* [Prompt]: Under this line sits a listing. Repeat exactly and only its lines from the one holding "Christian Hosoi, Mike" through the one holding "along], ‑country, ‑irish"; skip pictures.

* [Data supplied]:
------
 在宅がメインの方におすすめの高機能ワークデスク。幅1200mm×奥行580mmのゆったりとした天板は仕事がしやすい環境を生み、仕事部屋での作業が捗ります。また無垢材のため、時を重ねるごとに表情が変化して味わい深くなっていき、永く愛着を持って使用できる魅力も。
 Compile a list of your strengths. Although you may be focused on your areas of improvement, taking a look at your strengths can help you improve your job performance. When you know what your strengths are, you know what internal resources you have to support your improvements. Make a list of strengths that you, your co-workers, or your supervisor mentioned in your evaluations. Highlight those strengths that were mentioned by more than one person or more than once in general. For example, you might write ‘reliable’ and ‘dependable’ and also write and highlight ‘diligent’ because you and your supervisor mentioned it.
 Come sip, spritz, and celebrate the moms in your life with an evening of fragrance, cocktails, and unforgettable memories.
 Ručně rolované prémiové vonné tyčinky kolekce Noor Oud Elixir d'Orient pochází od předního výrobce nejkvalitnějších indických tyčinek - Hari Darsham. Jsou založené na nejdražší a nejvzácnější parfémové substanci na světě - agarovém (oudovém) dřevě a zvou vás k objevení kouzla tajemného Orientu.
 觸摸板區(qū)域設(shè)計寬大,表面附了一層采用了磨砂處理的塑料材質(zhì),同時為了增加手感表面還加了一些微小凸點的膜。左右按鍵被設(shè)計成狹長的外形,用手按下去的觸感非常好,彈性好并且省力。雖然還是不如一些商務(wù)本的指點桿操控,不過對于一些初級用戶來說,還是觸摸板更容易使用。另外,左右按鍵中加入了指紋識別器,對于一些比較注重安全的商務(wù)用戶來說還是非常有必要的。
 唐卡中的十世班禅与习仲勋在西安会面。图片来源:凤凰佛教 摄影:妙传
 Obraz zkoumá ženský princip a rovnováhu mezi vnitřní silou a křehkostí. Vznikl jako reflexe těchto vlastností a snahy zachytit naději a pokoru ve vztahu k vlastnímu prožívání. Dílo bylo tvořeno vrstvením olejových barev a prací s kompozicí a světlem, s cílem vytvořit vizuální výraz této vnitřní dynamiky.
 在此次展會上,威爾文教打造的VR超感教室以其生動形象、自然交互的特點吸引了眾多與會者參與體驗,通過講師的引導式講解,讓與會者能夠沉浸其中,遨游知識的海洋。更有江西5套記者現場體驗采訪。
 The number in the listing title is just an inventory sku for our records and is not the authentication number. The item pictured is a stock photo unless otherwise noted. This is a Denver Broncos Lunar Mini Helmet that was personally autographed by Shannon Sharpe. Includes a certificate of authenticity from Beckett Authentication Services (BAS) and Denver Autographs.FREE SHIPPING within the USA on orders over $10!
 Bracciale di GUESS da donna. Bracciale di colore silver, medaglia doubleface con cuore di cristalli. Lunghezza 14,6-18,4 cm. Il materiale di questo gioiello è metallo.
------
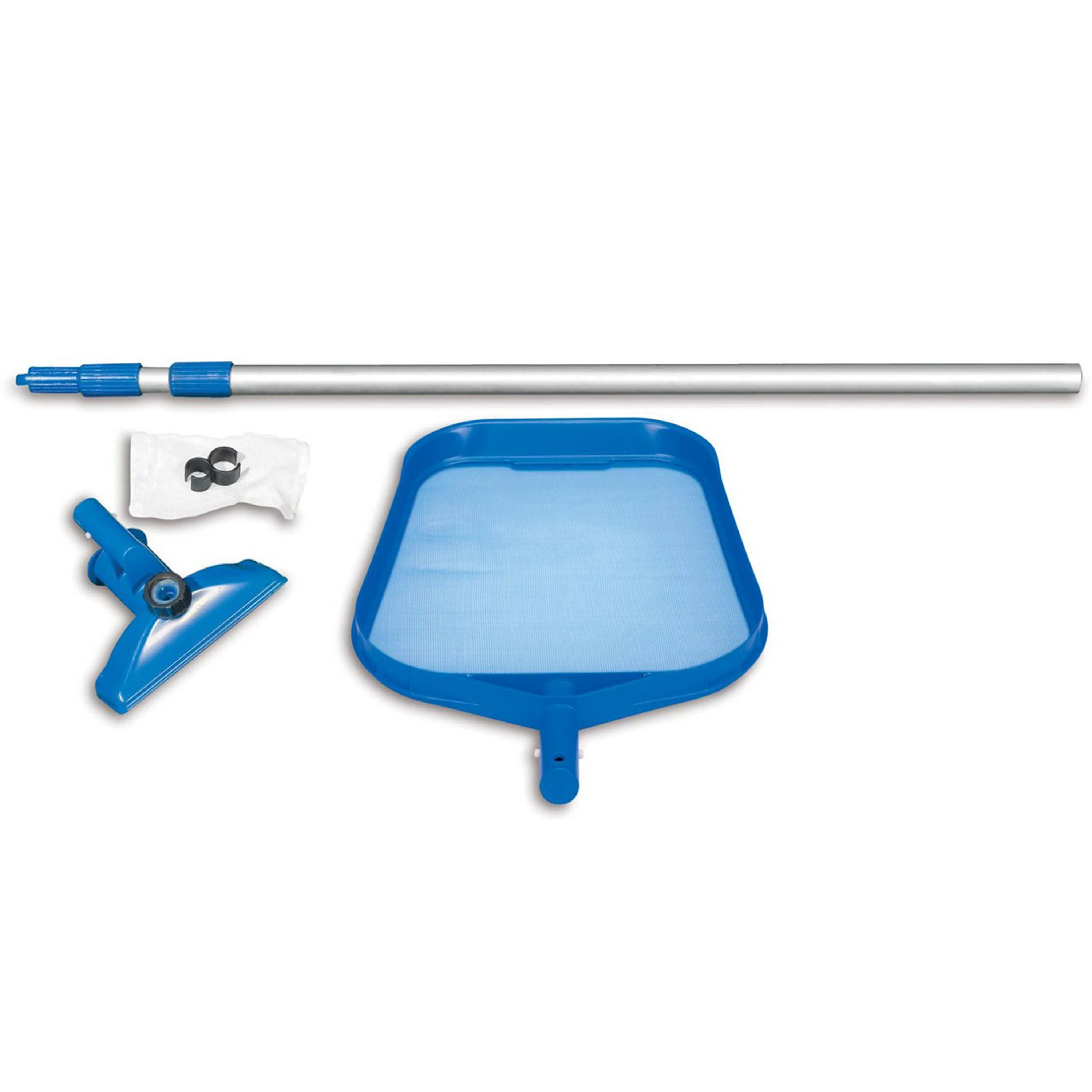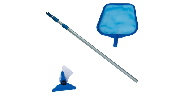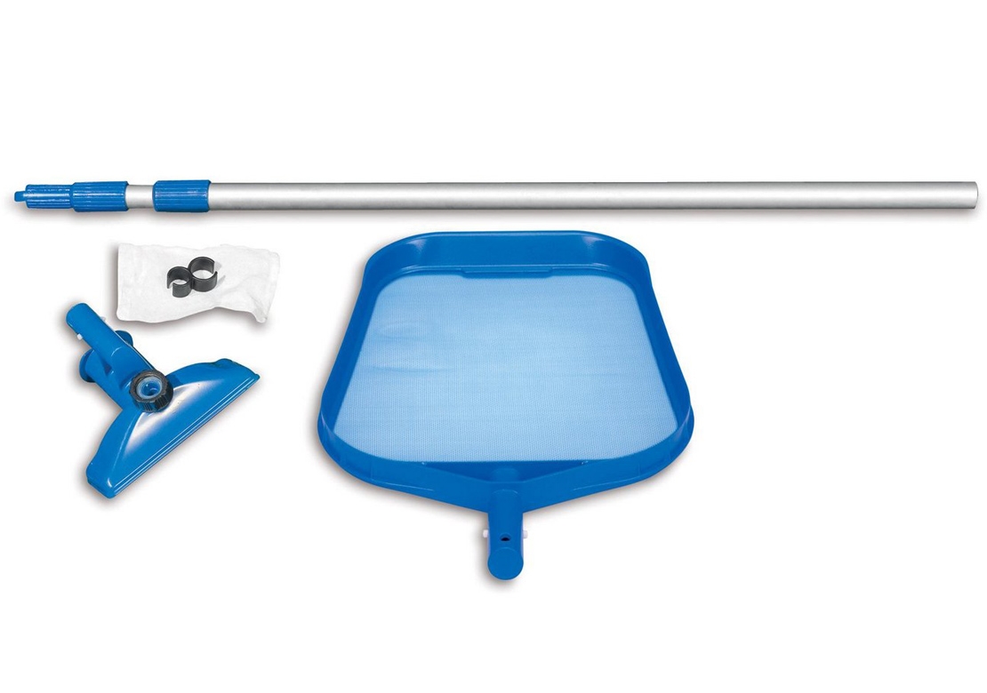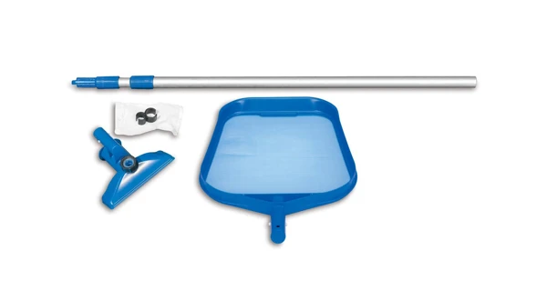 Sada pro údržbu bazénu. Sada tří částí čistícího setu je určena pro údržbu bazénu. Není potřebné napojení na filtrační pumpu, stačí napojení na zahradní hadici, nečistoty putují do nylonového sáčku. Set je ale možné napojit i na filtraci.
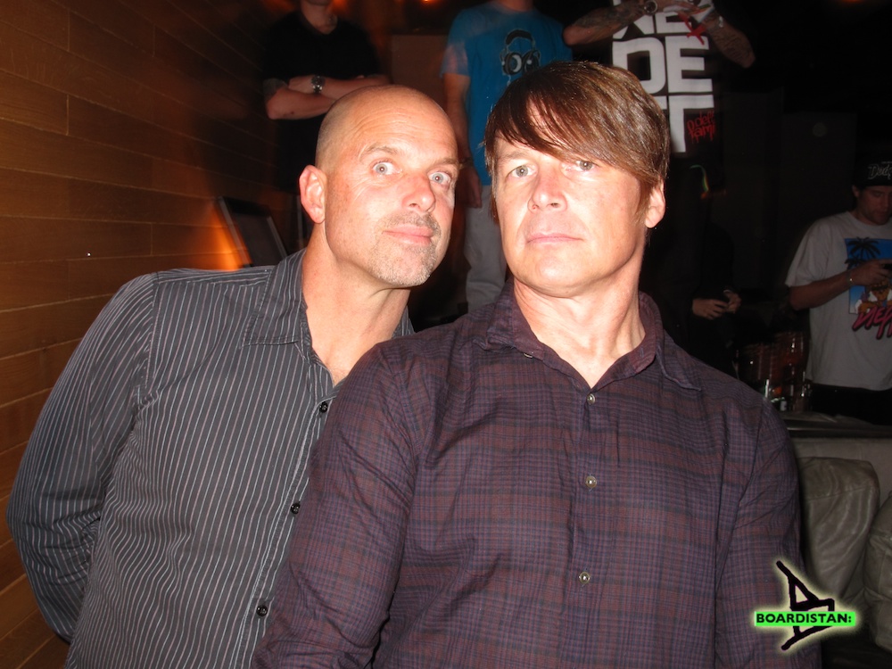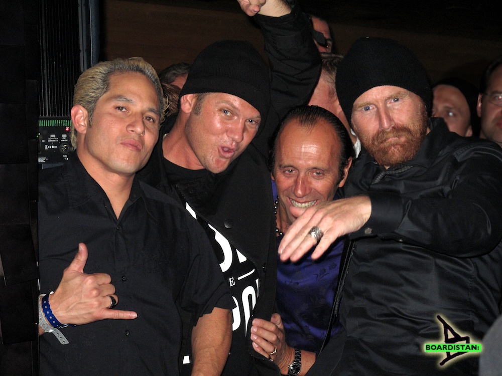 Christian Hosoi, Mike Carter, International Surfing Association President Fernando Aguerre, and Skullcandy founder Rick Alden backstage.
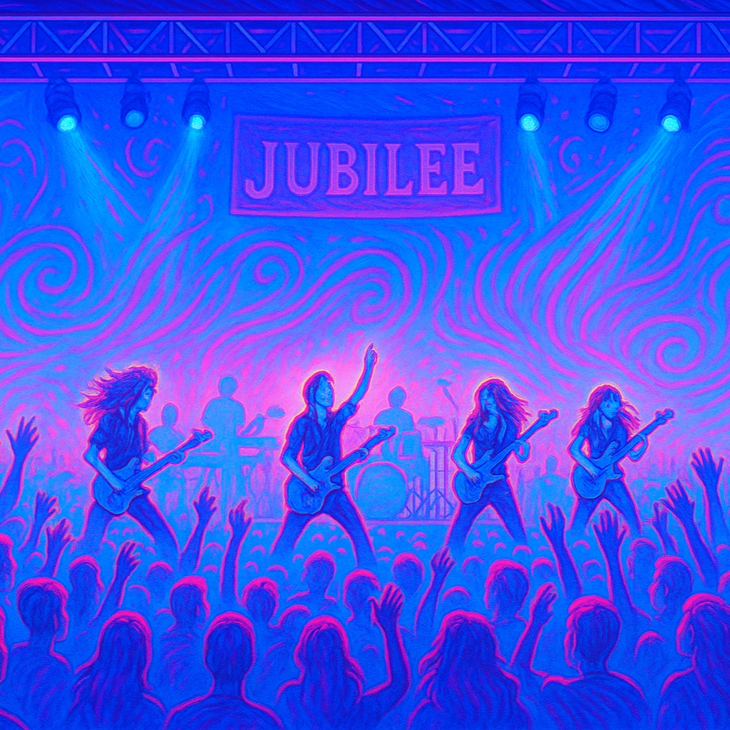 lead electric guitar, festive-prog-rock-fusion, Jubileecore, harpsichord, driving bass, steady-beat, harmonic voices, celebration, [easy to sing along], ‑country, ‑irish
------
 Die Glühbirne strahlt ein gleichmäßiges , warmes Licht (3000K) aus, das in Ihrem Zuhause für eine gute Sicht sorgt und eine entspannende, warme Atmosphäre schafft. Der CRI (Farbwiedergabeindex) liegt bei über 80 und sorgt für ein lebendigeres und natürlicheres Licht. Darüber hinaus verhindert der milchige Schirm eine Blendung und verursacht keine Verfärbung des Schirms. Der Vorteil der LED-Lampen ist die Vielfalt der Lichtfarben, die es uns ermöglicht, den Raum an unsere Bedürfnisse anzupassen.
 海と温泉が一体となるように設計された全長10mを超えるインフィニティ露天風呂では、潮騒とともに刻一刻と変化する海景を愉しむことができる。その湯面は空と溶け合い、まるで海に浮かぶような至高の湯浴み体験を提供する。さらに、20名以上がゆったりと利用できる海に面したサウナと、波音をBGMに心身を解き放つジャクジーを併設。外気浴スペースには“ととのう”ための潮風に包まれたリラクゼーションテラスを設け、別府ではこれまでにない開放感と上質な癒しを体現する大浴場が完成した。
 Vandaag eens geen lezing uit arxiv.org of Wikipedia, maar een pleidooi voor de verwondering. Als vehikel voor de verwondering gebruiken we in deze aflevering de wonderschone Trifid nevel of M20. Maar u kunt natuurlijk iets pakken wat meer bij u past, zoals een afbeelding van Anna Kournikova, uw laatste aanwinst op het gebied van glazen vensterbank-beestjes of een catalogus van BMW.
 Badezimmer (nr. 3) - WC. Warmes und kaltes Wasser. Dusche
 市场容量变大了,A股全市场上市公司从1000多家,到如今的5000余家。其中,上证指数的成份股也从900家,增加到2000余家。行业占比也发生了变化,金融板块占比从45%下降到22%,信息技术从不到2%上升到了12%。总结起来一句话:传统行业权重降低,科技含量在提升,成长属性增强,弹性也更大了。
------
* [The completed task]:
 Christian Hosoi, Mike Carter, International Surfing Association President Fernando Aguerre, and Skullcandy founder Rick Alden backstage.
 lead electric guitar, festive-prog-rock-fusion, Jubileecore, harpsichord, driving bass, steady-beat, harmonic voices, celebration, [easy to sing along], ‑country, ‑irish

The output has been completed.